A recent federal order out of Oregon exemplifies both the risk and the court’s pragmatic reasoning about sanctions. A Buchalter associate admitted using a Copilot-style AI assistant to polish a brief; the revised submission contained two authorities the judge characterized as erroneous — one described as “totally fake” and the other “almost real” because the caption existed but the reporter or legal holding attributed did not. The court issued an order to show cause under Rule 11 but later declined to levy formal sanctions after the firm delineated remedial steps including policy reinforcement, device controls, CLE for the drafting attorney, fee adjustments, and a modest donation to legal aid. The order and docket entry are publicly available. Why this is instructive: the judge’s response demonstrates how courts balance the severity of the underlying error with the sufficiency of remediation. The outcome does not function as blanket immunity; rather, the ruling signals that transparency, swift corrective action, and demonstrable governance upgrades can meaningfully affect sanction calculus. At the same time, repeat violations or evasive conduct will likely draw sterner penalties.
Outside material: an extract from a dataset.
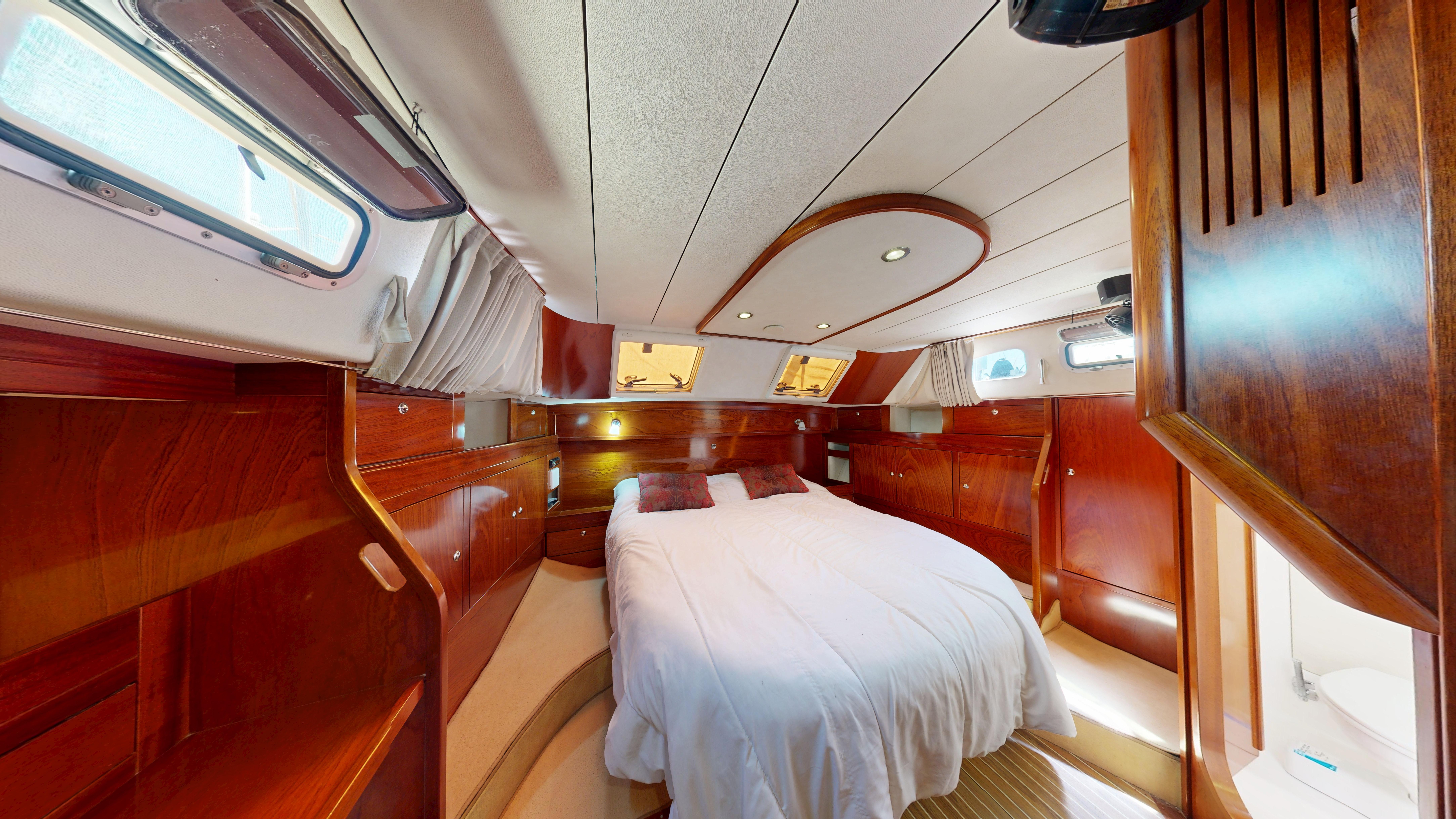 Aft cabin : Owner's cabin with double island berth (2mx1.60m), safe, desk/hairdresser, closet, television in varnished mahogany cabinet, anti-roll cover.

2) The B.C. Civil Resolution Tribunal case — litigants and fabricated precedent

In Canada, a Civil Resolution Tribunal ruling found that a Kelowna couple presented ten purported precedents sourced to “a Conversation with Copilot,” nine of which did not exist. The tribunal dismissed the case and expressly used the term “hallucinations” to describe the AI’s fabricated authorities. That episode underscores that reliance on AI without corroboration can sink even straightforward claims and that courts will treat fabricated precedent as an abuse of process when it materially misstates the state of the law.
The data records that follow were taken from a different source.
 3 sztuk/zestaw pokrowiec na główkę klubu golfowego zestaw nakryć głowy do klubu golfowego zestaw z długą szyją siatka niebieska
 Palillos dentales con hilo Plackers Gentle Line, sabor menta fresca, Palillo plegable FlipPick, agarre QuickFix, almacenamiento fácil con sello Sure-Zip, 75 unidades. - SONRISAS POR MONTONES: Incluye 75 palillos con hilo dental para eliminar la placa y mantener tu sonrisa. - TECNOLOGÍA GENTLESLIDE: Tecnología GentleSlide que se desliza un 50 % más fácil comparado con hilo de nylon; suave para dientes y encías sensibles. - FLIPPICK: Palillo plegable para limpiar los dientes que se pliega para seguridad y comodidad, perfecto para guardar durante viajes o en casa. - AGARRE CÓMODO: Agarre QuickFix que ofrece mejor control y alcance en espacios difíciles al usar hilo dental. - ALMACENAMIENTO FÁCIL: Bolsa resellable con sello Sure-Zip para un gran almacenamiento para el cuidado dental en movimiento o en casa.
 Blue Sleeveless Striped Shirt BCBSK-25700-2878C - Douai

3) Anthropic/Claude and other corporate episodes

Multiple reported incidents involve expert reports or corporate filings where AI‑generated citations or attributions could not be located or did not support the claims attributed to them. Those matters have produced orders requiring clarification and changes to internal review practices. The pattern is consistent: AI‑assisted drafting can introduce new factual claims and citations; courts expect counsel to verify every authority that will be presented to a judicial body.
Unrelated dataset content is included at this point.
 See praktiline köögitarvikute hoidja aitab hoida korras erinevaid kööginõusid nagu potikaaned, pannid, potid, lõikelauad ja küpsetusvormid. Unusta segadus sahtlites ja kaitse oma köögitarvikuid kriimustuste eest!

What the database shows: trends and patterns

Rapid growth: tracker entries multiplied through 2024–2025 as the tools proliferated into mainstream drafting environments. The rise reflects wider adoption by lawyers and litigants, coupled with increased judicial attention to AI‑sourced errors.
Shift from pro se to counsel: early incidents were dominated by self‑represented litigants, but recent months show a growing share of professional counsel implicated — especially in high‑volume or delegated drafting workflows. That change raises the stakes because professional responsibility rules apply.
Error types: three categories recur most often:
Completely fabricated authorities (fake cases, phantom statutes).
Misquoted or misattributed holdings from real cases.
Invented quotes or exhibits with fabricated provenance.
These failure modes are mechanistic products of how LLMs are trained: models predict plausible tokens rather than verify facts against canonical sources.
Varied outcomes: remedies range from admonishments and fee awards to monetary sanctions and formal disciplinary referrals. Judicial responses emphasize proportionality — remediation that demonstrates system-level fixes often mitigates punitive measures.

Technical and operational explanation: how hallucinations happen in legal drafting

Generative assistants used for “wordsmithing” typically operate by pattern completion across corpora that include legal writing, internet text, and public records. When a user pastes a draft and asks for editing or enhancement, the model may interpolate or append authority‑like strings that look convincingly like case citations. Those strings often mirror formatting patterns (party names + reporter + year), which gives the illusion of legitimacy even when the underlying case does not exist.
Key model mechanics that raise risk:

Pattern-driven outputs without provenance: the model can produce a plausible-looking citation absent any grounding in an indexed database.
Overconfidence: LLMs generate authoritative language and rarely qualify uncertainty, which can mislead human reviewers.
Contextual blending: fragments of real authorities may be recombined into false citations that appear familiar.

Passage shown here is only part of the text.